Dataset:
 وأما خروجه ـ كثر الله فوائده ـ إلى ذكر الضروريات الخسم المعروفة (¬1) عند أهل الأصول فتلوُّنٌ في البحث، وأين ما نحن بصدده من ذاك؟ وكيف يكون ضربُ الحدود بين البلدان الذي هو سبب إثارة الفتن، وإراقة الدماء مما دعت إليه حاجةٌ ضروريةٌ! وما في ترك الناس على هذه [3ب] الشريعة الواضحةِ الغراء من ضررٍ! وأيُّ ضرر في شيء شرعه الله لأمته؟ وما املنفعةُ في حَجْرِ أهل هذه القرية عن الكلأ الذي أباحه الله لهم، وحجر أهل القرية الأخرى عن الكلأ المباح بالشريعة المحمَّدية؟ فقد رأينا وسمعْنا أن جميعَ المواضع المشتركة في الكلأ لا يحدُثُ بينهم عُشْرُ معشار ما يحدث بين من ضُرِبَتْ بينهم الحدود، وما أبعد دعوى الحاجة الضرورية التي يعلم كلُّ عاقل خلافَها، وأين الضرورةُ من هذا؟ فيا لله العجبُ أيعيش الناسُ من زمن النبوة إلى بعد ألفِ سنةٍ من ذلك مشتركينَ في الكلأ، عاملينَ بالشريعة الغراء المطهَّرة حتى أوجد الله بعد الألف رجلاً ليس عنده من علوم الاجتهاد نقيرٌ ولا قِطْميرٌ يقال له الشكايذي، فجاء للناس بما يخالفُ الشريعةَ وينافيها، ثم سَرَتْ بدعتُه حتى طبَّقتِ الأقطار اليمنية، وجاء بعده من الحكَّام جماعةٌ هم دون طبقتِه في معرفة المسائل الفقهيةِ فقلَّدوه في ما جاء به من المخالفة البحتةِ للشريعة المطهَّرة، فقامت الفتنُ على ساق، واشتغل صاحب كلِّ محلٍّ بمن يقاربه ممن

==

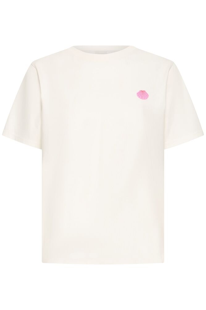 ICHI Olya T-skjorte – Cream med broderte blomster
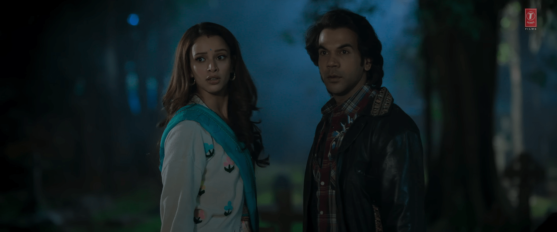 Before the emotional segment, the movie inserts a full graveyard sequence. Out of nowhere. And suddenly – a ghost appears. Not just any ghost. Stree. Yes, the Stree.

---

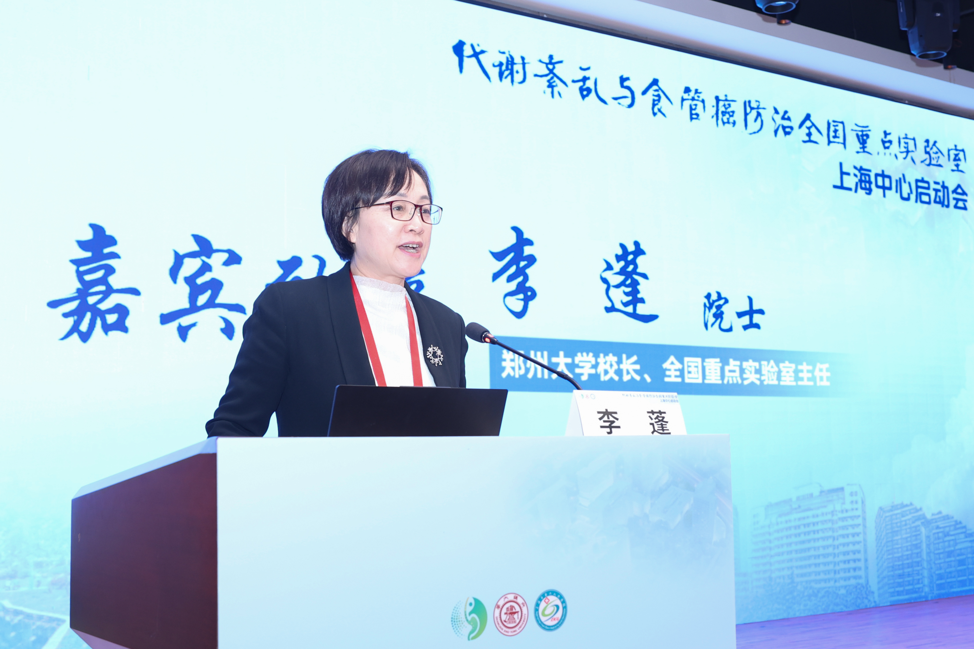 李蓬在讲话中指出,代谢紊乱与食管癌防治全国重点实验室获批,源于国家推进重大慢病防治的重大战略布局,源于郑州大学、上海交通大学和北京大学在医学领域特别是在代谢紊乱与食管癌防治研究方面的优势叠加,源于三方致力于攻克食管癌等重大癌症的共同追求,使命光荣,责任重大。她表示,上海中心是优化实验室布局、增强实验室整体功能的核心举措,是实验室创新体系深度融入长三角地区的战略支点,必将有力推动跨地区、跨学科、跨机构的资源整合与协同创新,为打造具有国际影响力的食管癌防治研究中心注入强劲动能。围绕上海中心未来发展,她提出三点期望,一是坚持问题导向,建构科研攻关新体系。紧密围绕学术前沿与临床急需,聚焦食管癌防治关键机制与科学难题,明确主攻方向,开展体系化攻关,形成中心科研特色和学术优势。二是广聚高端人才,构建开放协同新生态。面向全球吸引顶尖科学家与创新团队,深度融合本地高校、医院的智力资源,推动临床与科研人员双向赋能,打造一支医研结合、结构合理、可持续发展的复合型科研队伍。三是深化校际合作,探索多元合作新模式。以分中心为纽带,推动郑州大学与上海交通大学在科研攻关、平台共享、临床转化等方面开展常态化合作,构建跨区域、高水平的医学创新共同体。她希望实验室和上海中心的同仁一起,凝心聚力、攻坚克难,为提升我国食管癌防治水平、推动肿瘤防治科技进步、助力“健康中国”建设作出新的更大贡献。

What you have to do:
Exact copy, pictures excluded: from the line with "ICHI Olya T-skjorte" up to and including the line with "Before the emotional" in the data above.

Your solution:
 ICHI Olya T-skjorte – Cream med broderte blomster
 Before the emotional segment, the movie inserts a full graveyard sequence. Out of nowhere. And suddenly – a ghost appears. Not just any ghost. Stree. Yes, the Stree.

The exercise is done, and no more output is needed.